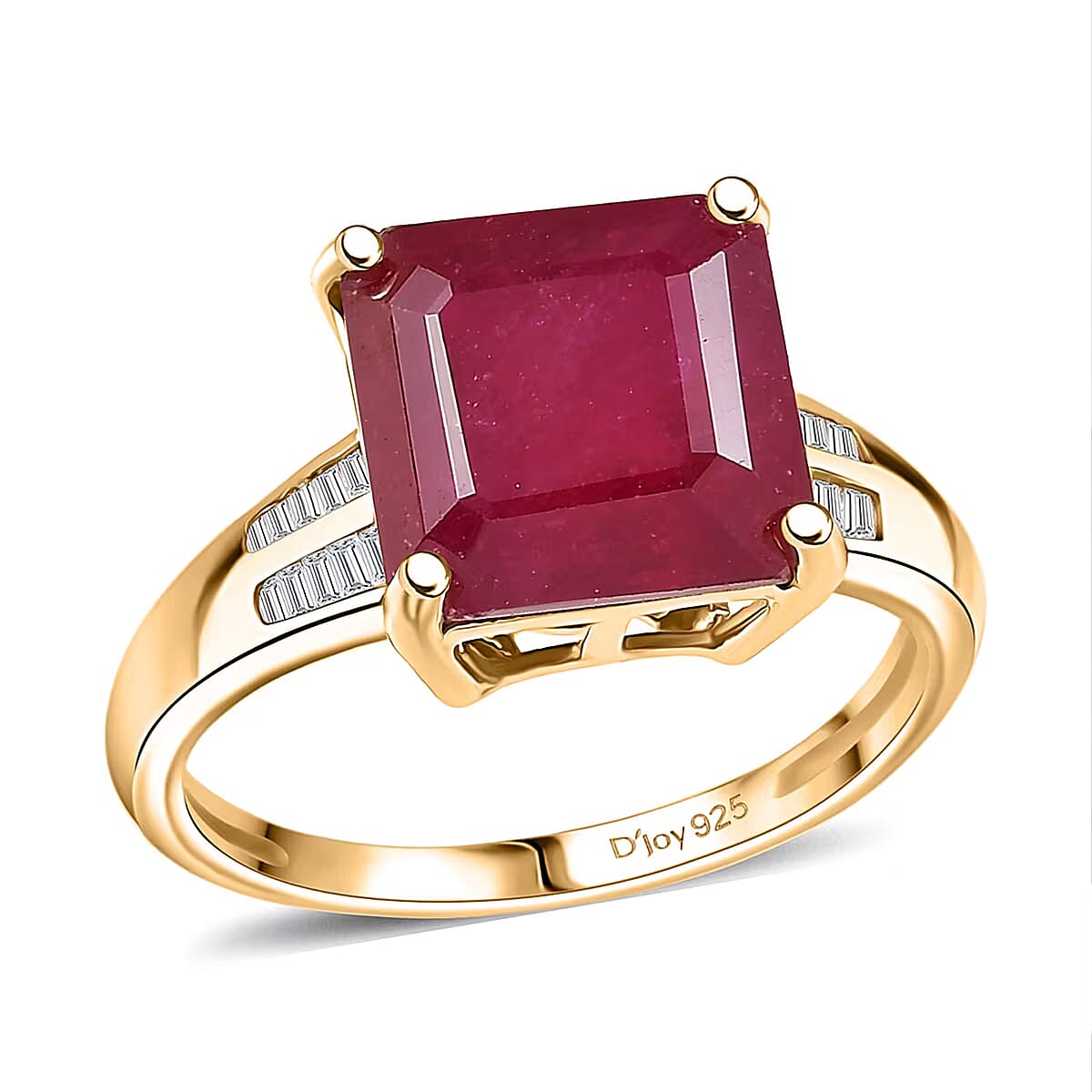 D'Joy Asscher Cut Premium Niassa Ruby (FF) and Diamond 7.60 ctw Art Deco Ring in 18K Vermeil Yellow Gold Over Sterling Silver (Size 8.0)
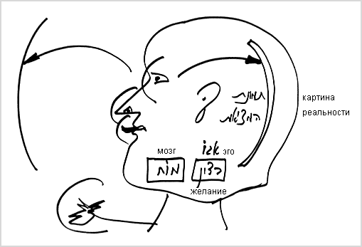 Если ты хочешь воспринять истинную реальность, всю действительность, - она находится вне тебя. Как ее воспринять? – Ты должен соединиться с желаниями, которые находятся вроде бы вне тебя – с другими желаниями. Ты должен присоединить к себе все это внешнее желание – не твое личное, внутреннее желание, а внешнее.
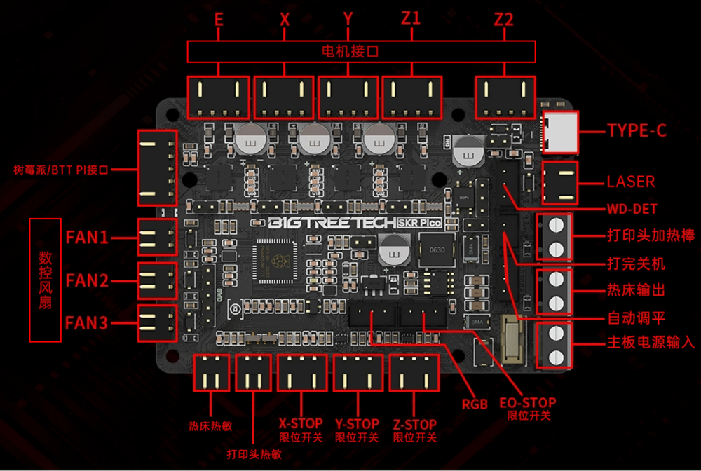 (3) 主板固件 DIY 请参考BTT SKR Pico V1.0-PIN.pdf资料。
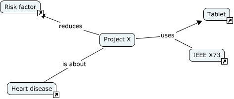 Este Cmap, tiene información relacionada con: Example project, Project X uses IEEE X73, Project X uses Tablet, Project X is about Heart disease, Project X reduces Risk factor
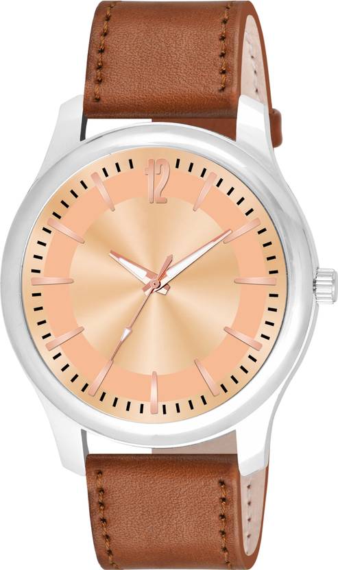 B9084 Analog Watch - For Men Rose Gold 6 To 12 Digital Dial Beige Leather Strap Watch For Men
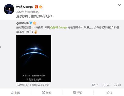 就在前两天,荣耀总裁在微博上放出了一则重磅消息,宣布荣耀即将推出一款全新的旗舰手机。这条微博瞬间吸引了无数网友的关注,大家纷纷猜测这款新品的神秘面纱。
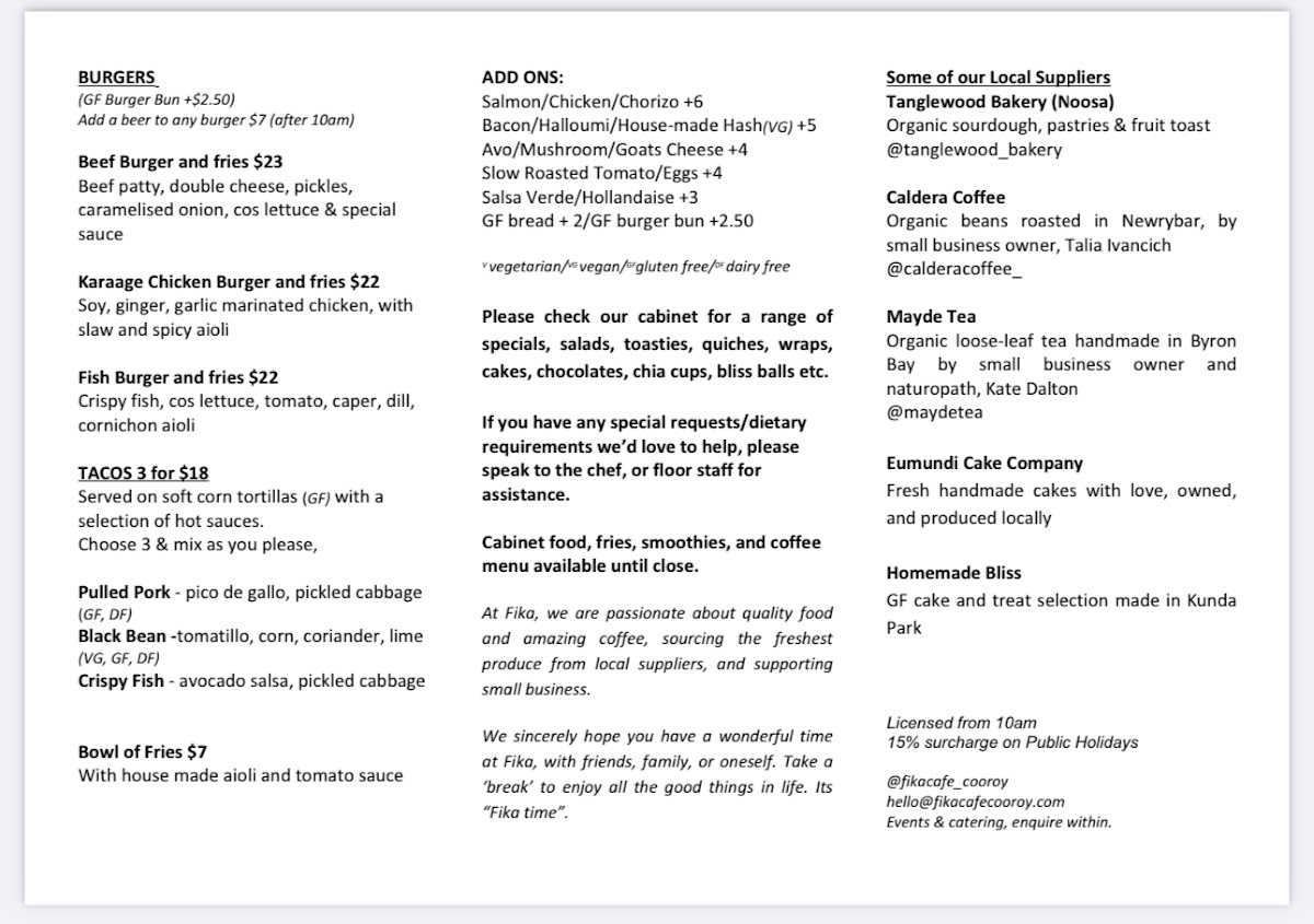 Fika Cafe Cooroy is more than just a purveyor of great coffee and delectable brunch options; it is a community hub where friends gather and stories are shared. Whether you're a local or just passing through, this charming cafe is a must-visit destination that promises great food, a welcoming atmosphere, and excellent service.
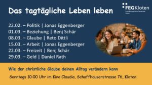 Wir sind eine freie, überkonfessionelle Kirche. Unsere Grundlage ist die Bibel. Wir erleben, dass der Glaube an Gott uns Sinn im Leben gibt, und dass die Bibel praktische Antworten für den Alltag bereit hat. Die FEG Kloten existiert, um Menschen zu helfen Halt bei Jesus zu finden und zu reifen Persönlichkeiten zu werden.
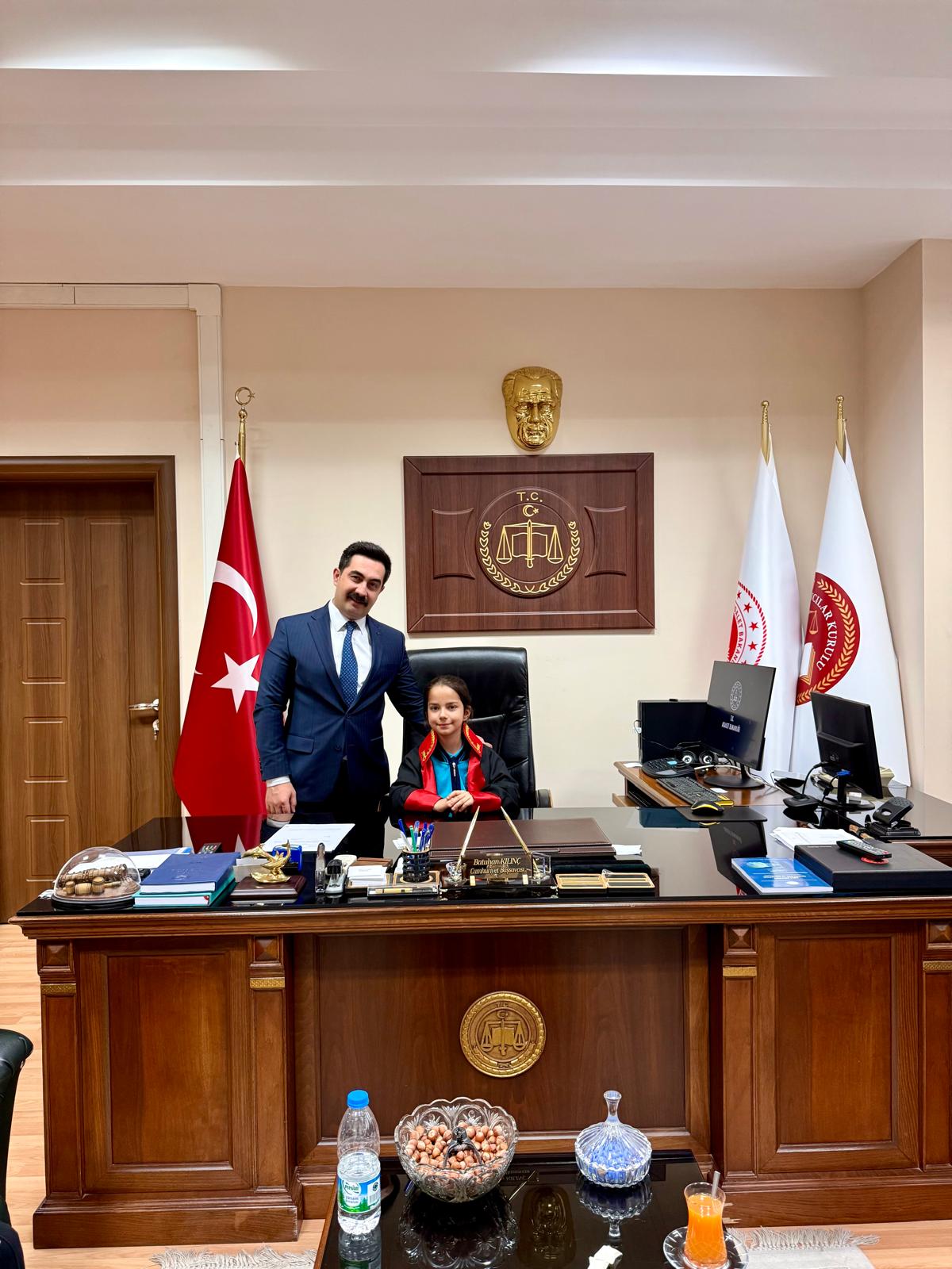 “Buraya geldiğim için çok mutluyum. Başsavcımızın koltuğuna oturunca kendimi çok güçlü ama bir o kadar da sorumlu hissettim. İnsanların haklarını korumak ve adaletli olmak çok önemli bir görevmiş. Ben de büyüyünce hakim ya da savcı olup herkesin hakkını savunmak istiyorum.”

### Exercise brief
Using the records above, print exactly the lines between the ones containing "Este Cmap, tiene" and "Fika Cafe Cooroy", inclusive, and nothing else; no pictures.

### Output for this task
 Este Cmap, tiene información relacionada con: Example project, Project X uses IEEE X73, Project X uses Tablet, Project X is about Heart disease, Project X reduces Risk factor
 B9084 Analog Watch - For Men Rose Gold 6 To 12 Digital Dial Beige Leather Strap Watch For Men
 就在前两天,荣耀总裁在微博上放出了一则重磅消息,宣布荣耀即将推出一款全新的旗舰手机。这条微博瞬间吸引了无数网友的关注,大家纷纷猜测这款新品的神秘面纱。
 Fika Cafe Cooroy is more than just a purveyor of great coffee and delectable brunch options; it is a community hub where friends gather and stories are shared. Whether you're a local or just passing through, this charming cafe is a must-visit destination that promises great food, a welcoming atmosphere, and excellent service.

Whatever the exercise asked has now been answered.